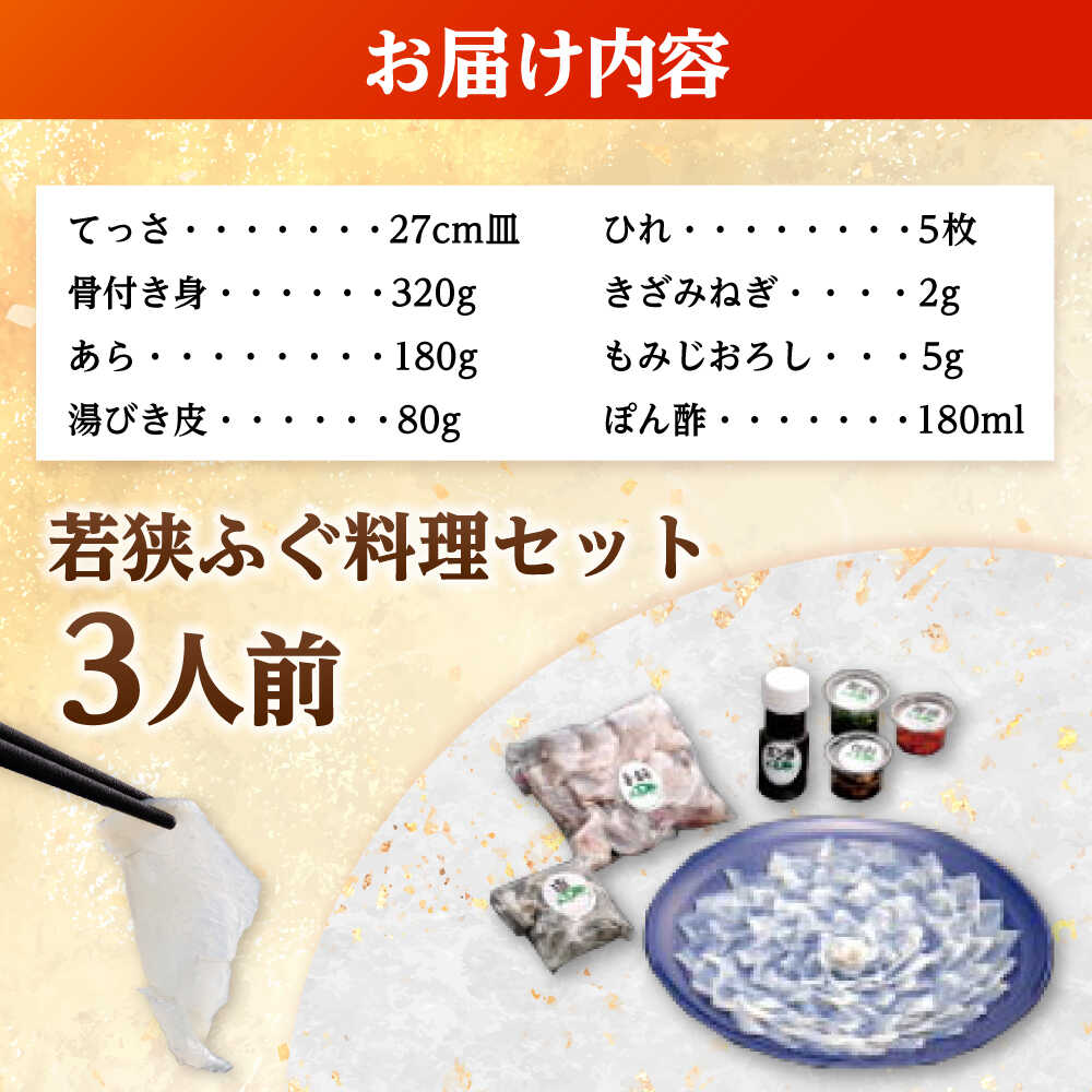 【ふるさと納税】【着日指定可能】【冷蔵】 若狭 ふぐ 料理堪能セット 3人前【配送不可地域:北海道・沖縄・離島】ふぐ フグ 河豚 ふぐ刺し ふぐ刺 ふぐ鍋 フグ刺し フグ鍋 とらふぐ トラフグ てっさ てっちり 魚介 海鮮 お刺身 刺し身 小浜市 / 民宿なかじま [BFBH001]
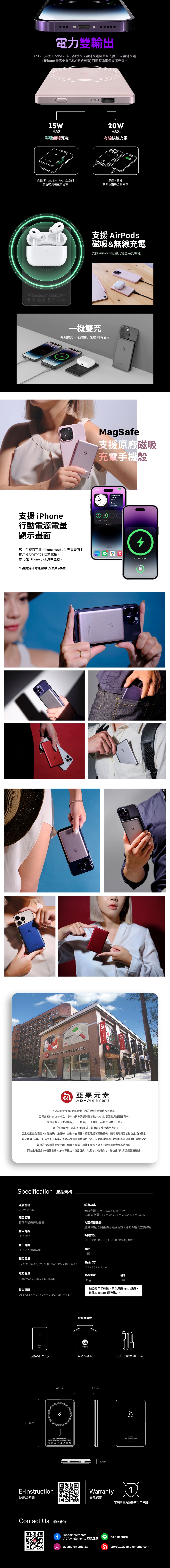 - 支援快充輸出,最高可達20W快充,以及無線輸出15W (iPhone 支援7.5W),可同時輸出一機雙用
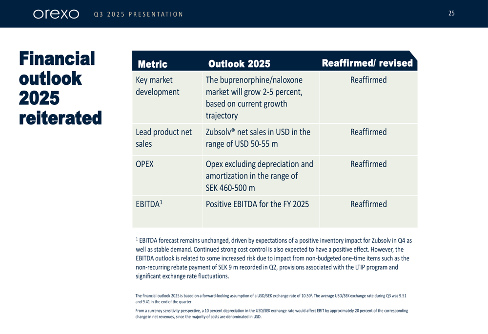 Despite current challenges, Orexo reiterated its financial outlook for 2025, maintaining guidance for positive EBITDA for the full year:
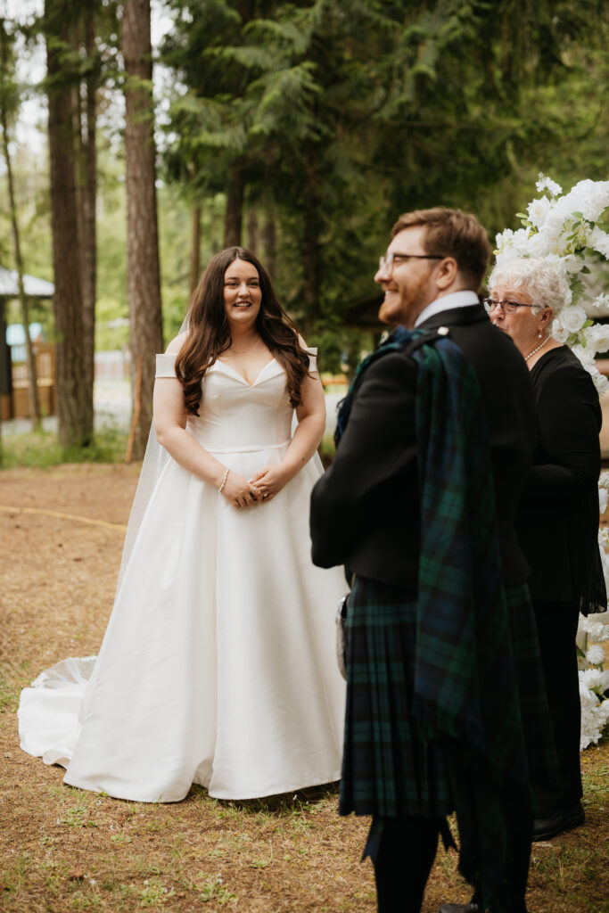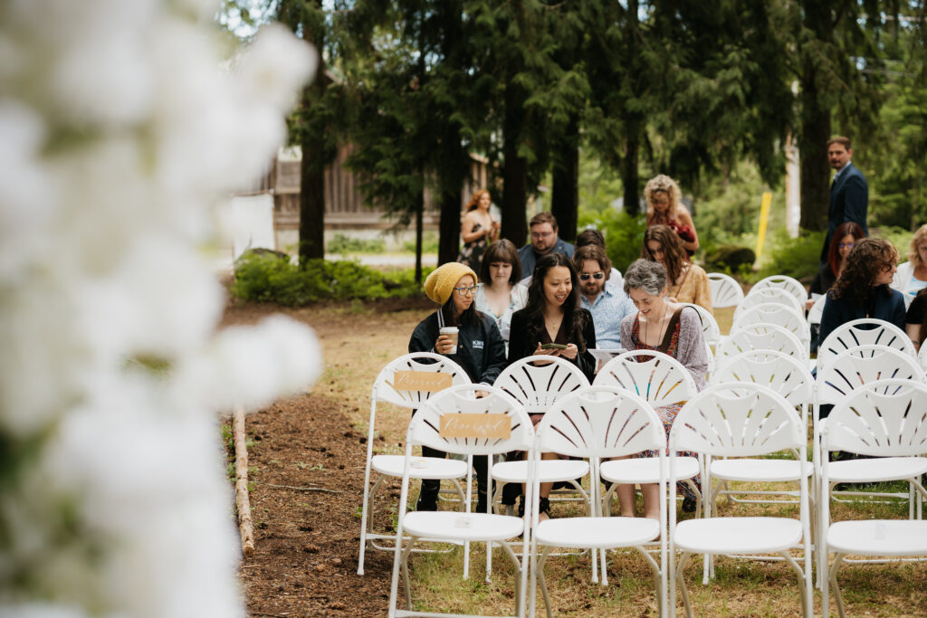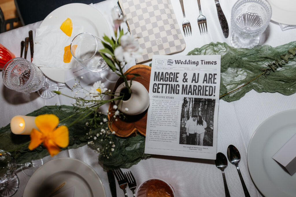 Soon the ceremony began, with each guest greeted by the sweetest little newspaper all about Maggie & Allen, something everyone loved reading as they waited for the celebration to start. Their ceremony was tucked away in the forest, on a soft grassy patch, with an arch that look as though it was pulled straight from Bridgerton. Adorned with delicate white flowers and surrounded by perfectly placed chairs, the whole scene felt timeless, romantic, and straight out of a fairytale.
***
Please write out the entire listing above exactly, but leave the pictures out.

Answer box =
 【ふるさと納税】【着日指定可能】【冷蔵】 若狭 ふぐ 料理堪能セット 3人前【配送不可地域:北海道・沖縄・離島】ふぐ フグ 河豚 ふぐ刺し ふぐ刺 ふぐ鍋 フグ刺し フグ鍋 とらふぐ トラフグ てっさ てっちり 魚介 海鮮 お刺身 刺し身 小浜市 / 民宿なかじま [BFBH001]
 - 支援快充輸出,最高可達20W快充,以及無線輸出15W (iPhone 支援7.5W),可同時輸出一機雙用
 Despite current challenges, Orexo reiterated its financial outlook for 2025, maintaining guidance for positive EBITDA for the full year:
 Soon the ceremony began, with each guest greeted by the sweetest little newspaper all about Maggie & Allen, something everyone loved reading as they waited for the celebration to start. Their ceremony was tucked away in the forest, on a soft grassy patch, with an arch that look as though it was pulled straight from Bridgerton. Adorned with delicate white flowers and surrounded by perfectly placed chairs, the whole scene felt timeless, romantic, and straight out of a fairytale.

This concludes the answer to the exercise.